The paper demonstrates that fine-tuning LLMs with contact center-specific data, including LoRA, significantly enhances task performance.
Experiments show a 48% increase in response acceptability and evidence that core linguistic abilities are largely preserved post fine-tuning.
A comparative analysis of model architectures highlights shifts in encoding surface-level versus deep semantic properties, guiding future domain adaptations.

Towards Probing Contact Center LLMs

Introduction

The evolution of LLMs has reached a stage where fine-tuning on domain-specific data has become a focal point of investigation. The paper "Towards Probing Contact Center LLMs" addresses the unique challenges and properties associated with fine-tuning LLMs for the contact center (CC) industry. This industry, characterized by domain-specific jargon, conversational dynamics, and etiquette, presents a fertile ground for deploying specialized LLMs to enhance customer interactions.

Methodology

The authors evaluate the impact of instruction fine-tuning LLMs using data specific to contact center interactions. Models such as Flan-T5 and Llama, with parameter counts varying from 3B to 13B, undergo fine-tuning using both traditional full fine-tuning and parameter-efficient techniques like Low-Rank Adaptation (LoRA). This paper applies several probing tasks to assess the LLMs' understanding of conversational and automatic speech recognition (ASR) properties.

Key Findings

The results underscore a substantial improvement in task performance of CC-specific LLMs (CC-LLMs) over their out-of-the-box (OOB) counterparts on downstream CC tasks. This enhancement is quantitatively reflected in a 48% increase in response acceptability.
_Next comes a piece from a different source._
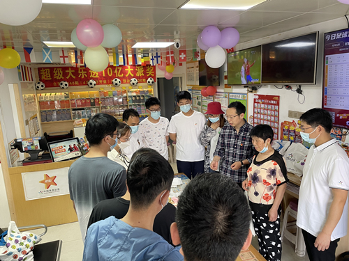 6月16日盐城体彩以“遇见·世界杯 相约竞彩”为主题,开展了“6.16江苏彩民节”活动,庆祝活动在盐城市盐都区恒大名都花园17号楼101门市3209059171网点正式举行。盐城市区专管员、网点业主、销售员与现场购彩者们一起切蛋糕,路过的购彩者们也纷纷进店见证这专属于自己的节日,现场气氛十分热烈。市体彩中心工作人员和购彩者们还进行了世界杯沙龙互动,并为大家准备了钥匙扣、折叠包、毛巾等精美礼品。
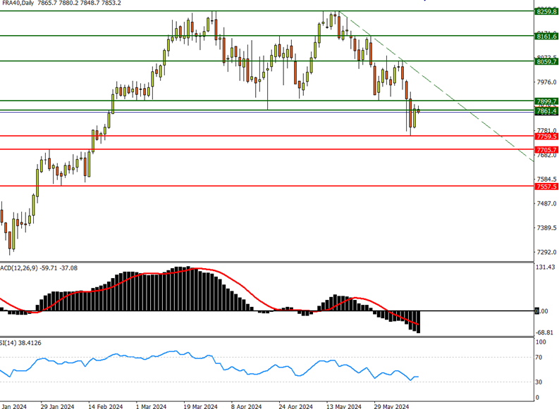目前看,法指的下行趋势线明显,也是一波比一波低的形态,关键的前低支持点在7860水平也已跌破,假如短期内没法收复7900水平,以及维持下降趋势线。下方将挑战7760、7560水平。

Figure 1: Benchmarking quality of responses generated by CC LLMs versus OOB LLMs on downstream tasks in the contact-center domain.
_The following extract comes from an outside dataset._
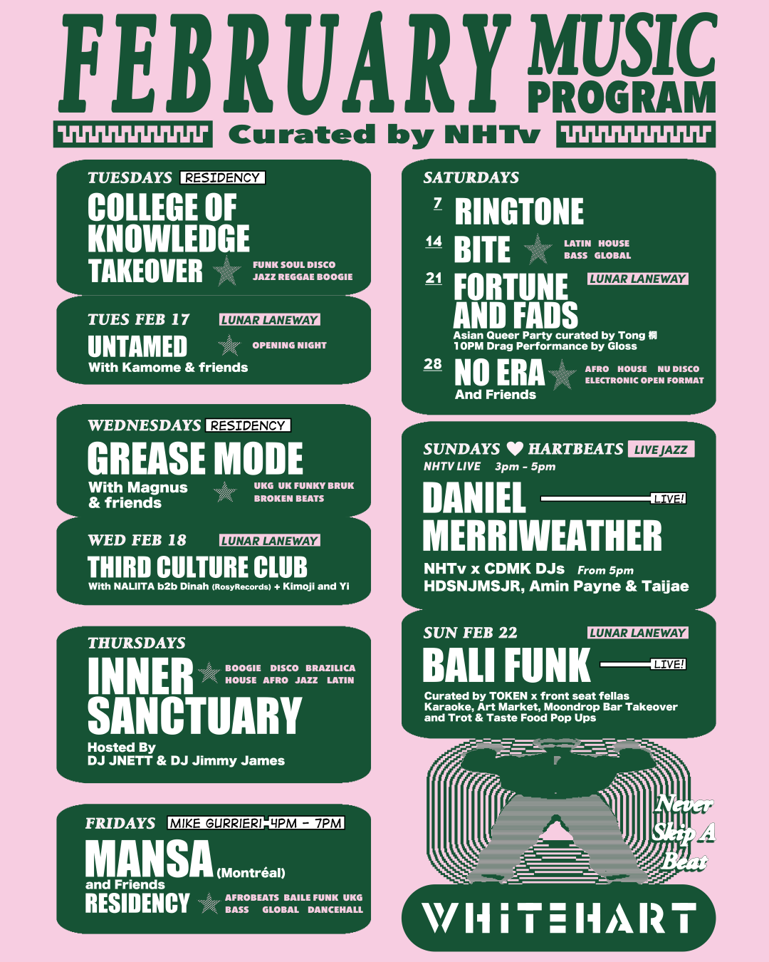 The perfect end to your weekend, only at Whitehart. Featuring Daniel Merriweather and NHTV Trio ft Amin Payne x HDSNJMSJR x GUEST PRODUCER

Probationary assessments using the SentEval suite reveal a persistent encoding of linguistic properties in CC-LLMs, dispelling concerns that domain fine-tuning might dilute a model's linguistic abilities. However, CC-LLMs tend less to encode surface-level or semantic attributes, suggesting a shift in learned properties due to domain specificity.

Experiment Design

The paper designs experiments to dissect the contributions of model architectures, sizes, and fine-tuning paradigms to the performance of the LLMs. The authors juxtapose OOB LLMs and finely tuned CC-LLMs across a variety of probing tasks, ensuring a comprehensive performance evaluation using metrics such as the Macro F1 score.

Implementation Details

The implementation leverages extensive datasets comprising ASR transcripts from diverse sectors, integrating natural language instructions. The linear Multi-Layer Perceptron (MLP) probing mechanism extracts hidden state representations to evaluate linguistic knowledge embedding. This approach employs an AWS computational environment for resource-intensive model processing.

Discussion

This paper opens perspectives into the strategic design of domain-specific LMs in the CC sector. Despite the consistent linguistic capacity retained post fine-tuning, the inclination of CC-LLMs towards encoding unique CC properties hints at potential avenues to refine domain-centric adaptability further. The comparative analysis between encoder-only and decoder-only architectures provides foundational insights into architecture-specific performance on conversational tasks.

Conclusion

Probing contact center LLMs uncovers not only improvements in task-aligned performance but also introspective facets into the linguistic representations embedded within such tailored models. The research reveals that while fine-tuning enhances CC-LLM performance, understanding the subtleties of the learned properties remains crucial for future advancements. As AI continues to integrate more deeply with specialized industries, these insights will guide future explorations into the scalable application of LLMs in specialized domains, including but not limited to the contact center terrain.